Mr Downes said that his venture capital investment firm was “looking for software companies that are building upon these foundational technologies to solve real problems in real enterprises”.

A number of local Irish companies and multinationals, including OpenAI, Google, Microsoft, Amazon and Boston Scientific, gave examples of how to use AI in practice.

OpenAI’s head of solution architecture, Colin Jarvis, told the Irish Independent that a number of European tourism agencies would soon visit Dublin to study how the city has developed a generative AI tourism service for visitors ot the capital.

There was also a cautionary note struck by TechIreland director and veteran investor Brian Caulfield.

“AI is not as new as we think, it's not as clever as we think, and it's not as dangerous as some may think,” he said.

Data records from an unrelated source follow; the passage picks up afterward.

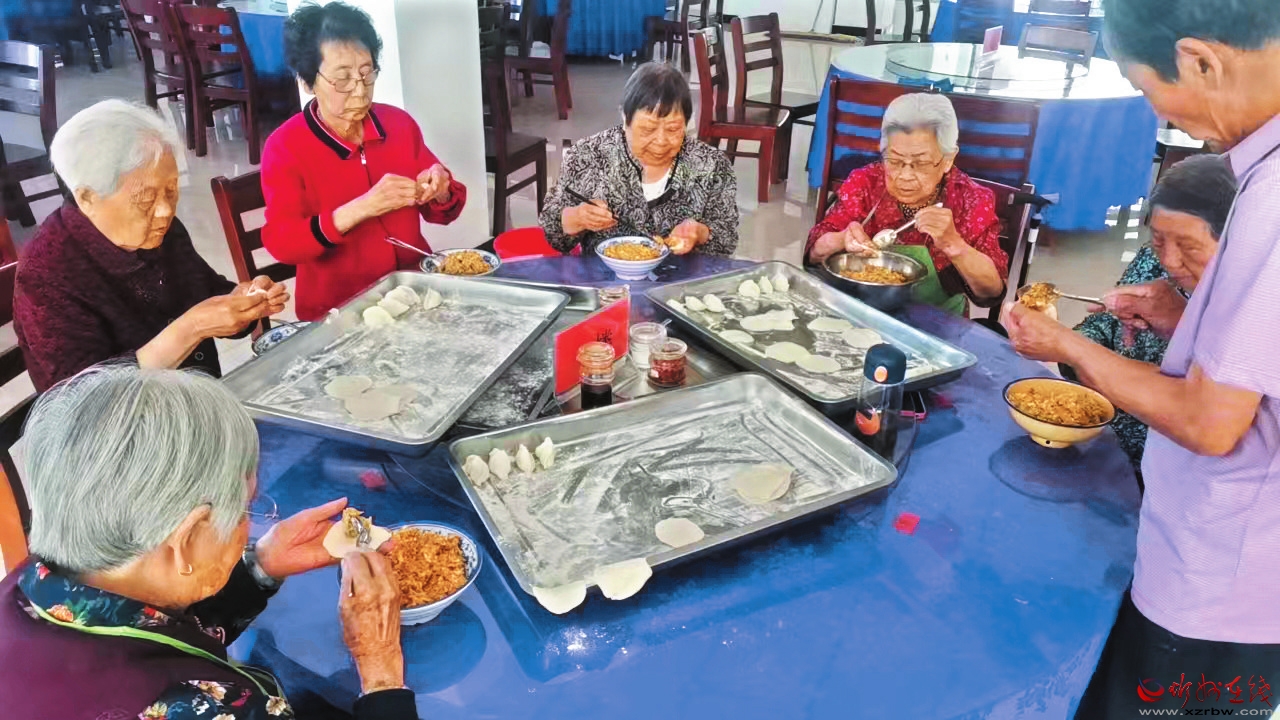 老年人其樂(lè)融融一起包餃子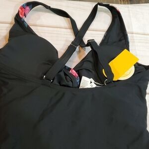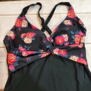 New Tournesol Black Pink Floral One Piece Crisscross Back Swimsuit Size Medium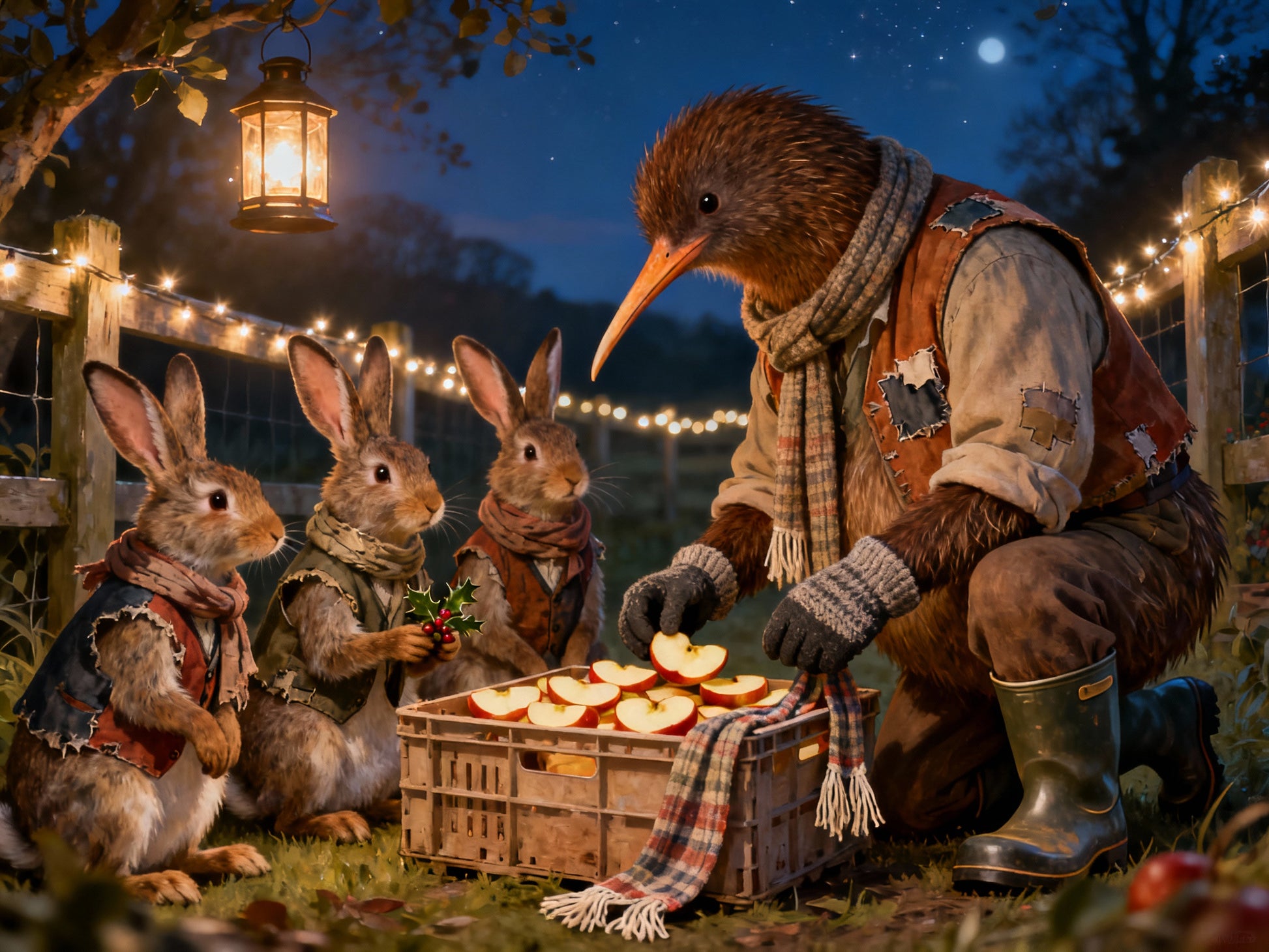 A heartwarming Christmas card of Farmer Bracken offering fresh apple slices to his rabbit friends. Dressed in his patched vest, scarf, and gumboots, Bracken kneels by a crate of apples, lit by a glowing lantern and festive string lights. The rabbits, wearing little scarves, gather eagerly with holly sprigs in paw, while the moon shines softly above the New Zealand farm. A rustic and tender holiday moment of friendship and giving.

“We're still a long way from artificial general intelligence. We have a fantastic set of tools for various applications, recognisers, generators and large language models. But these are really statistical models and we're a long way from being able to connect those components with anything that you could really call reasoning.

“I'm not saying that there are not dangers of AI that don’t need to be thought through or managed carefully. We've all seen very real harms that can come from the proliferation of convincing generative AI fakes, the dangers of hallucination bias encoded in training data sets, perpetuating inequality and so on.”

“Looking at AI broadly, I think that we're probably just past the peak of inflated expectations and heading down towards the trough of disillusionment. But I also want to remind you of [Roy] Amara’s law, which states that we overestimate the impact of technology in the short term, and underestimate the effect in the long run.”